Code Sample, a copy-pastable example if possible
from itertools import count, product
import netCDF4
import glob
import xarray
files = sorted(glob.glob("/media/nas/x21308/2019_05_Testdata/MTG/FCI/FDHSI/uncompressed/20170410_RC70/*BODY*.nc"))
# get all groups
def get_groups(ds, pre=""):
for g in ds.groups.keys():
nm = pre + "/" + g
yield from get_groups(ds[g], nm)
yield nm
with netCDF4.Dataset(files[0]) as ds:
groups = sorted(list(get_groups(ds)))
print("total groups", len(groups), "total files", len(files))
ds_all = []
ng = 20
nf = 20
print("using groups", ng, "using files", nf)

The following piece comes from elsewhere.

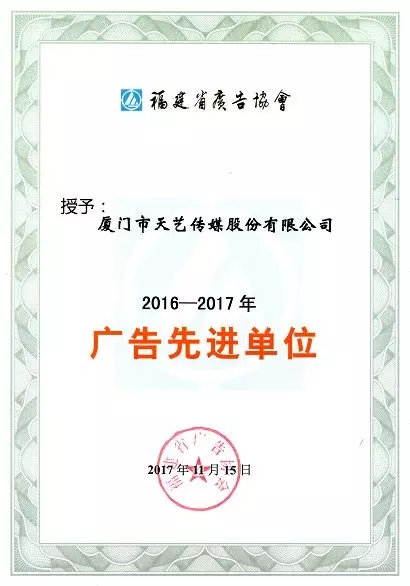 日前,在國(guó)家工商行政管理總局辦公廳出臺(tái)的《關(guān)于進(jìn)一步推進(jìn)廣告業(yè)創(chuàng)新創(chuàng)業(yè)有關(guān)工作的通知》(辦字【2017】209)中,由廈門市天藝傳媒股份有限公司創(chuàng)辦的“天藝文創(chuàng)孵化基地”被評(píng)定為國(guó)家級(jí)廣告業(yè)創(chuàng)新創(chuàng)業(yè)示范基地,成為廈門市2017年度唯一一家獲評(píng)廣告業(yè)創(chuàng)新發(fā)展優(yōu)秀典型企業(yè)的單位。

for (i, (g, f)) in zip(count(), product(groups[:ng], files[:nf])):
print("attempting", i, "group", g, "from", f)
ds = xarray.open_dataset(
f, group=g, decode_cf=False)
ds_all.append(ds)
Problem description
I have 70 NetCDF-4 files with 70 groups each. When I cycle through the files and read one group from them at the time, after about 130–150 times, the next opening fails with a Segmentation Fault. If I try to read one group from one file at the time, that would require a total of 70*70=4900 openings. If I limit to 20 groups from 20 files in total, it would require 400 openings. In either case, it fails after about 130–150 times. I’m using the Python xarray interface, but the error occurs in the HDF5 library. The message belows includes the traceback in Python:
HDF5-DIAG: Error detected in HDF5 (1.10.4) thread 140107218855616: [9/1985]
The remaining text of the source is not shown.